The only grief I've really gotten is from my folks when I first started riding about 9 yrs ago. They just didn't understand spending a bunch of money on a bike and the schlepping around on the dirt. But then my folks are exactly the exercising type either. My mom used to tell me that I'd gotten too skinny.  I assured her that I was fine and that I was eating - a lot. :thumbsup: 

No, the folks at my work that don't exercise will ask how far I rode at lunch. When I tell them 10 miles (or more if I'm on the road bike) they look at me like I've just ridden to the moon. :lol: But I guess 10 miles is pretty far when you stake out parking spots at the front of the parking lot.


----------



## Fabulous (Jan 20, 2008)

My favorite line I've gotten was: "Wow! How does a _girl_ get interested in that?" (Insert incredulous look from the imbecile)


----------



## Impy (Jan 6, 2004)

Honestly, I don't even try and explain my hobby to people anymore. If I sense that someone else is into exercise/outdoors stuff then I will open up but other than that I just don't. 

I tend not to reveal too much of my personal life at work anyway, so it's not that hard. People know I like to cycle but I'm sure they think its bike paths along the ocean on the way to a latte (well, sometimes it is) but the offroad stuff - nope.


----------



## ducktape (May 21, 2007)

I don't know, I think it's just people who are not into mtb think that mtbikers are crazy or that you have to be that way to be doing it (well particularly DH racing).

In the end it's all about riding to your ability, and some people have amazing ability! After all practice at anything hard enough & you get good at it, but the only way to find your limit is to push it and take a tumble or two isn't it. I would tend to say that if people aren't getting hurt then they're not riding hard enough, but I think it's not entirely correct, it just means that people aren't taking as many risks and are riding more to their ability, and probably progressing slowly.

It's funny, the local hardware store owner attended a DH race once (as a medic think) and he though it was crazy how they came to him to get patched up, he'd go to do it and they say "oh not that one that's from last week" and "nah that one is from the other day" and then "just patch it up so I can make the next run".

I would agree though with Tiffany, it is particularly annoying if you partner decides to be overly protective - my husband use to be a bit iffy about me going out and riding who knows where on my own (exploring the trails), but I think he quickly got to understand that it's just something I like to do and it's not really cause for concern (I'll tell him how long I'm likely to be and take a mobile phone with me).
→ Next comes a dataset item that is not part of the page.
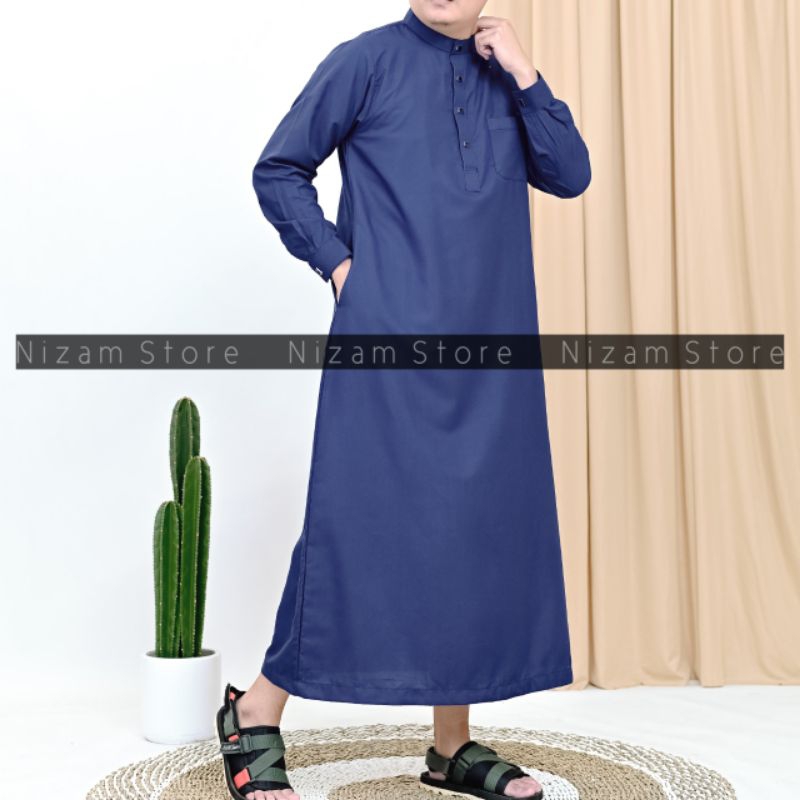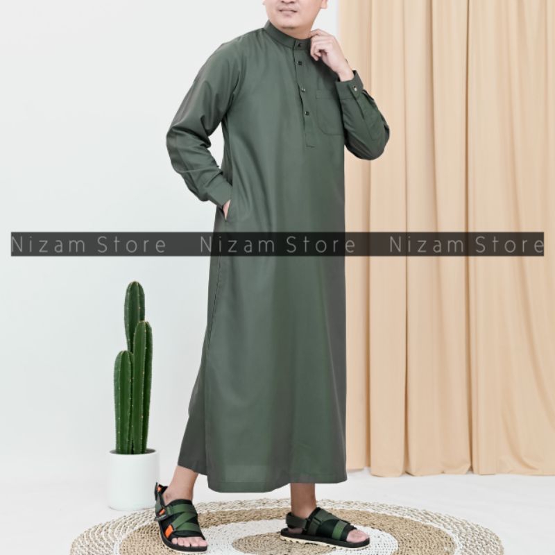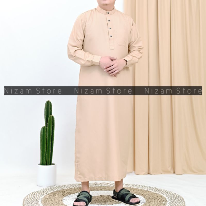 Jubah Saudi Viral Polos Lengan Manset Kancing Snap Gamis Pria Panjang Muslim Haji Umroh

And when you head out and they say "make sure you don't get hurt etc" , well you know I could but it won't stop me!


----------



## ducktape (May 21, 2007)

Lol, you should just tell them that you could think of worse ways to die . . . . . and watch the looks on their faces


----------



## CycleMainiac (Jan 12, 2004)

I guess I am lucky, my co-workers just seem to accept I am crazy and will do things they consider crazy on a bike. I think there is a lot of living vicariously through me going on. 
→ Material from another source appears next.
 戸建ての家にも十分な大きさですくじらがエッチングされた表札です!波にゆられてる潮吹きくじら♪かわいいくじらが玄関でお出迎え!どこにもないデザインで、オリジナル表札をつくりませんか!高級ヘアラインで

This past weekend I did the MS180. I have had a poster up in my office for months about it. Today when I came in several asked about the ride and were interested enough to listen to me describe the weekend.

Several months ago I did some gravity riding and returned with pics of us in full armor. My boss told me "If you get hurt, I WILL bring a lap top to the hospital so you can work."


----------



## FreeRangeChicken (Jan 13, 2004)

I think my girlfriend just resorted to telling people that I beat her.  

We actually go out fairly regularly and repeatedly throw her at rocks(sessioning on spots where she has trouble) which inevitably results in heinous bruises, banged knees and/or loss of skin... even a broken ankle. I think it is awesome that she is willing to take the time(and trauma) to learn better technical skills.

My first 1.5 yrs of mountain biking were perpetually blood-stained and bruised. I either got better, or got smarter. Probably a little of both.


----------



## tiffanyinanthem (Dec 17, 2007)

*battered woman....*

LOL yeah, people have commented that I look like a battered woman too!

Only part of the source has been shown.